On Thu, Aug 15, 2024 at 4:41 PM Lok P <loknath.73@gmail.com> wrote:
Additionally , if we are okay with the 7.5hrs of down time , is my calculation/extrapolation of total time consumption based on a sample table, for direct alter, accurate? Because, in that case , I was thinking it's less complex and also less error prone to just do it in a single alter command rather than going for multiple steps of detach, alter, attach partition.
Well, it's meant to get you a ballpark figure, but yes, it seems as though you will probably okay, But for something this critical involving production downtime, I would try out the exact command and see how long it takes on a test system. Restore a backup (you have backups I hope) or use pg_basebackup to make a copy of your prod system somewhere.
Cheers,
Greg
On Thu, 15 Aug, 2024, 9:18 pm Alban Hertroys, <haramrae@gmail.com> wrote:
> On 15 Aug 2024, at 14:15, Lok P <loknath.73@gmail.com> wrote:
(…)
> Hello Greg,
>
> In terms of testing on sample data and extrapolating, as i picked the avg partition sizeof the table (which is ~20GB) and i created a non partitioned table with exactly same columns and populated with similar data and also created same set of indexes on it and the underlying hardware is exactly same as its on production. I am seeing it's taking ~5minutes to alter all the four columns on this table.
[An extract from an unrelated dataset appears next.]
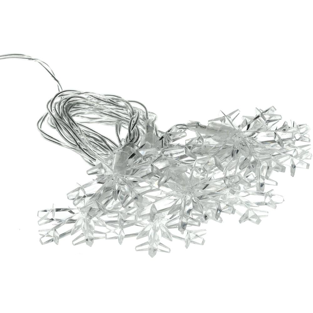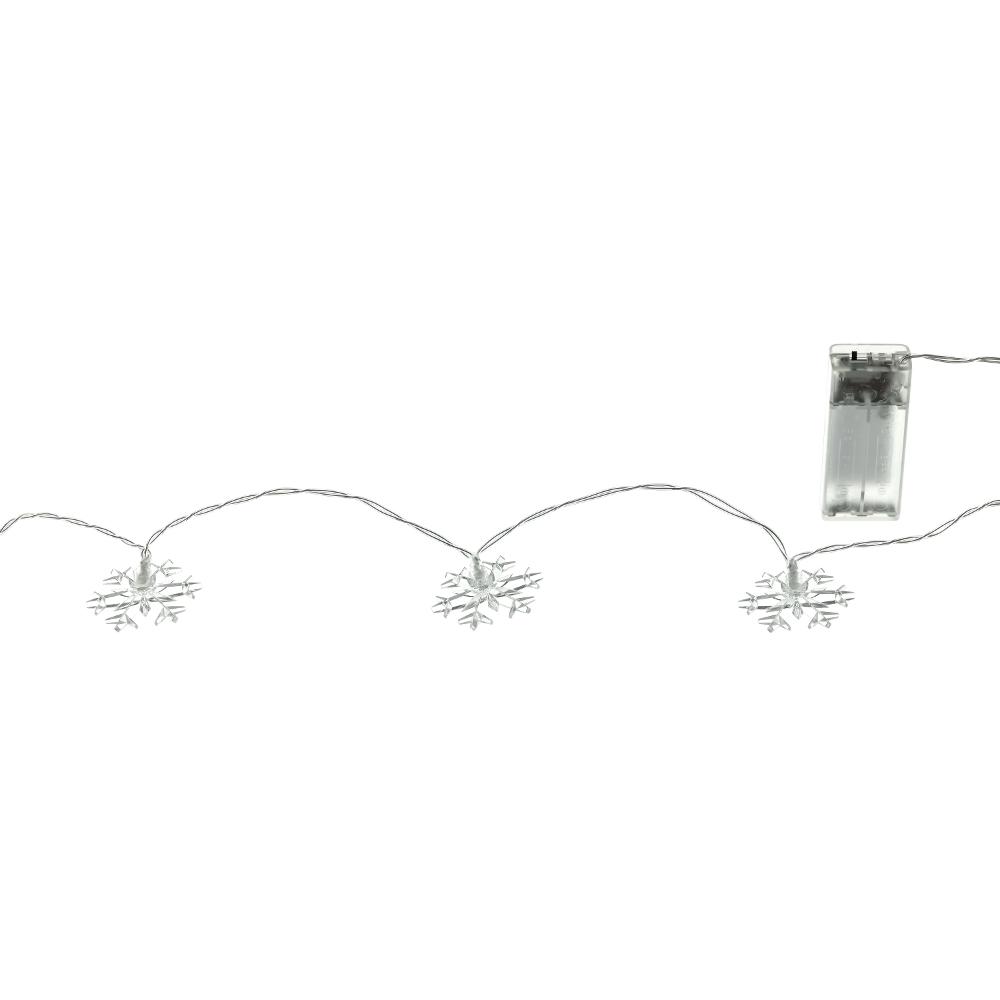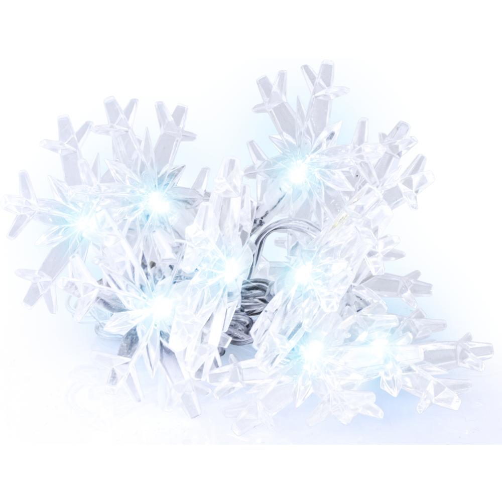 Garland with 10 plastic snowflakes lit up with 10 LED lights in cold white colour. Length of glowing part 1,35 m, size of the snowflake 4,5 cm, 0,3 m power cord. Timer. 2 AA batteries not included. Use only indoor.

So we have ~90 partitions in production with data in them and the other few are future partitions and are blank. (Note- I executed the alter with "work_mem=4GB, maintenance_work_mem=30gb, max_parallel_worker_per_gather=8, max_parallel_maintenance_worker =16" )
>
> So considering the above figures , can i safely assume it will take ~90*5minutes= ~7.5hours in production and thus that many hours of downtime needed for this alter OR do we need to consider any other factors or activity here?
Are all those partitions critical, or only a relative few?
If that’s the case, you could:
1) detach the non-critical partitions
2) take the system down for maintenance
3) update the critical partitions
4) take the system up again
5) update the non-critical partitions
6) re-attach the non-critical partitions
That could shave a significant amount of time off your down-time. I would script the detach and re-attach processes first, to save some extra.
Admittedly, I haven’t actually tried that procedure, but I see no reason why it wouldn’t work.
Apart perhaps, from inserts happening that should have gone to some of those detached partitions. Maybe those could be sent to a ‘default’ partition that gets detached at step 7, after which you can insert+select those from the default into the appropriate partitions?
But you were going to test that first anyway, obviously.
We were checking this strategy , but what we found is while attaching any of the historical partition back to the child table , if there runs any existing inserts on the other live partitions of the same child table that attach keeps on hang state. Also during this period the parent table (which is also partitioned) takes an exclusive lock on itself!!
Even detaching any partition "concurrently" also waits for any inserts to finish, even those are on other partitions. Is this behavior expected?